Objective:To evaluate a telephone-operated, interactive voice response (IVR) system designed to collect use-of-care data from patients with major depression (UAC-IVR). Study Design: Patient self-reports from repeated IVR surveys were compared with provider records for 3789 patients with major depression at 41 clinical sites participating in the Sequenced Treatment Alternatives to Relieve Depression (STAR*D) trial.Methods: UAC-IVR responses were examined for consistency and compared with provider records to compute reporting biases and intraclass correlation coefficients. Predictors of inconsistent responses and reporting biases were based on mixed logistic and regression models adjusted for need and predisposing and enabling covariates, and corrected for nesting and repeated measures.
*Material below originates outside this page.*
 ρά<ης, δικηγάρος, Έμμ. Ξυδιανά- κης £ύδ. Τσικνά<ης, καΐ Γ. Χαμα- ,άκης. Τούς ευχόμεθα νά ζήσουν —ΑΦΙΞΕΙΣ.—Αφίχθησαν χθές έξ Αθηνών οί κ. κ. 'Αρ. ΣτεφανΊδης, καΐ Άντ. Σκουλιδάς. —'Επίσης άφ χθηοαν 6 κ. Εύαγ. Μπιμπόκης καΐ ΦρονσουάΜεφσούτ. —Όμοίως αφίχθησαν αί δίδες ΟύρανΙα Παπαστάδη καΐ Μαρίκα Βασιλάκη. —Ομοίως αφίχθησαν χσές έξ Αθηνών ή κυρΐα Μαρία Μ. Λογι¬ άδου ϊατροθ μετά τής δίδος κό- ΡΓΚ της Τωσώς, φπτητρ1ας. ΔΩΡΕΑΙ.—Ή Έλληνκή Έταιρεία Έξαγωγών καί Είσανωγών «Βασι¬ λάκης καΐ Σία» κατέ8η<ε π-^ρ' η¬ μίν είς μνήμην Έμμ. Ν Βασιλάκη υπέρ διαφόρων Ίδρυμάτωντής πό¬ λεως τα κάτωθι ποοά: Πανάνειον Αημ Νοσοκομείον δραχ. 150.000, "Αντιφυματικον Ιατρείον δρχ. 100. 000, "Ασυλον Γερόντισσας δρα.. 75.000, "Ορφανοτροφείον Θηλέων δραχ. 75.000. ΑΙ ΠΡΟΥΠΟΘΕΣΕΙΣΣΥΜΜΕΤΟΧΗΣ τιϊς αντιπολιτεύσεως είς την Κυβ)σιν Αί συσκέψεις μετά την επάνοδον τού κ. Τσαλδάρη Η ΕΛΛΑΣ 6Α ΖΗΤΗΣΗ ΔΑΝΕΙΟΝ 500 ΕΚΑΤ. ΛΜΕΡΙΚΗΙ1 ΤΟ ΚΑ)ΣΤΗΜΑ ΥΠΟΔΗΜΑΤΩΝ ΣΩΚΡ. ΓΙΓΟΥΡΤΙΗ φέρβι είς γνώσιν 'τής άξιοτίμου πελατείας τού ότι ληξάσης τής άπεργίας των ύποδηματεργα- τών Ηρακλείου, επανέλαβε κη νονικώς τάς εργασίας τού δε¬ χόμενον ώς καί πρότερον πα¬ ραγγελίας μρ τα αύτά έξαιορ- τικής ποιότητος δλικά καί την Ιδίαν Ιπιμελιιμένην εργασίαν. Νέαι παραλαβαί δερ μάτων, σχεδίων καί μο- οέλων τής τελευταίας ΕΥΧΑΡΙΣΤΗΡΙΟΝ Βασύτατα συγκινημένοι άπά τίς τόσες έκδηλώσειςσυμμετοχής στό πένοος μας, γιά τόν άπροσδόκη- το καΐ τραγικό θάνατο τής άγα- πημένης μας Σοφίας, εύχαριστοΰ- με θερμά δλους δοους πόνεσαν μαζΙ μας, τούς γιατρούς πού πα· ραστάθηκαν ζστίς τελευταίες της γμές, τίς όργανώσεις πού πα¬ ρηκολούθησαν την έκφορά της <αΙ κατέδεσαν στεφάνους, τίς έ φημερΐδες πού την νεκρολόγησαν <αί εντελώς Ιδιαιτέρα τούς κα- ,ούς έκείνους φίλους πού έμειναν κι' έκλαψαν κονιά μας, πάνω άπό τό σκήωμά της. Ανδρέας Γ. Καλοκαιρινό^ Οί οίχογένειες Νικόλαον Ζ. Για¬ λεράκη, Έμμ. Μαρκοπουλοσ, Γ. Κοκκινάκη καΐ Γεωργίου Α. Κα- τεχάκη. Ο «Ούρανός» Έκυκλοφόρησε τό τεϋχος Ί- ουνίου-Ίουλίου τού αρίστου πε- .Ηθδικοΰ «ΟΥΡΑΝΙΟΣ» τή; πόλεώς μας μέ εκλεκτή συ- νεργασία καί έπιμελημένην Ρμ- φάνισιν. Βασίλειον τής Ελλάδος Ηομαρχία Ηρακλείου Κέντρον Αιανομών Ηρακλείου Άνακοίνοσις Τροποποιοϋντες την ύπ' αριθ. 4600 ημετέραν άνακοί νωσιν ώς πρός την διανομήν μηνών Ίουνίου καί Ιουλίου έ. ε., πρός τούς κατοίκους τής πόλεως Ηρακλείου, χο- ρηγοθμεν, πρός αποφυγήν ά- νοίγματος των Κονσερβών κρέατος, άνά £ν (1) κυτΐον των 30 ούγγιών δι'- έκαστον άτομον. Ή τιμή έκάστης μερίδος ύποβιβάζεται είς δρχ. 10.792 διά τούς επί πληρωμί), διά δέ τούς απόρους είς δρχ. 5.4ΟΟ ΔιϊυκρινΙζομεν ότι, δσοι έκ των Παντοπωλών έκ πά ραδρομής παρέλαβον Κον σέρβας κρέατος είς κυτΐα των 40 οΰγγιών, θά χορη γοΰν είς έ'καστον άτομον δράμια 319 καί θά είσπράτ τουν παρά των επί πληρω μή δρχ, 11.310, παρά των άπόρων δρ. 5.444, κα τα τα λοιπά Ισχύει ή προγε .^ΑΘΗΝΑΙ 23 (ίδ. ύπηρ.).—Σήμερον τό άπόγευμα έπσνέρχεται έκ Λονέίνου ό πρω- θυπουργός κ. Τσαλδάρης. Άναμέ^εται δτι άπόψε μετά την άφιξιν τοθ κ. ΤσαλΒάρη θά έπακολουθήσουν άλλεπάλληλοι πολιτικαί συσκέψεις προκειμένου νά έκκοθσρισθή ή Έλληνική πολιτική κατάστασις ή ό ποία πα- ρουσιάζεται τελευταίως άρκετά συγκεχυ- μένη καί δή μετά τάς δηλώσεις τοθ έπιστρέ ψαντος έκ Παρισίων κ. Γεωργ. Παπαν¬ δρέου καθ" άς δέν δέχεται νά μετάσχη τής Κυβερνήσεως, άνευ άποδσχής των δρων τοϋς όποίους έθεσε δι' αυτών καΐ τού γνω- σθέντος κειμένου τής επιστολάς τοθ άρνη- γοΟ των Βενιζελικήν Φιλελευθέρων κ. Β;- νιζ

Results: Inconsistent responses were found for 10% of calls and 21% of patients. Underreporting biases (-20%) and moderate agreement (intraclass correlation of 68%) were found when UAC-IVR responses were compared with medical records. IVR reporting biases were less for patients after 3 calls or more (experience), for patients with severe baseline symptoms (motivation), and for patients who gave consistent IVR responses (reliability). Bias was unrelated to treatment outcomes or demographic factors. Conclusion: Clinical managers should use IVR systems to collect service histories only after patients are properly trained and responses monitored for consistency and reporting biases.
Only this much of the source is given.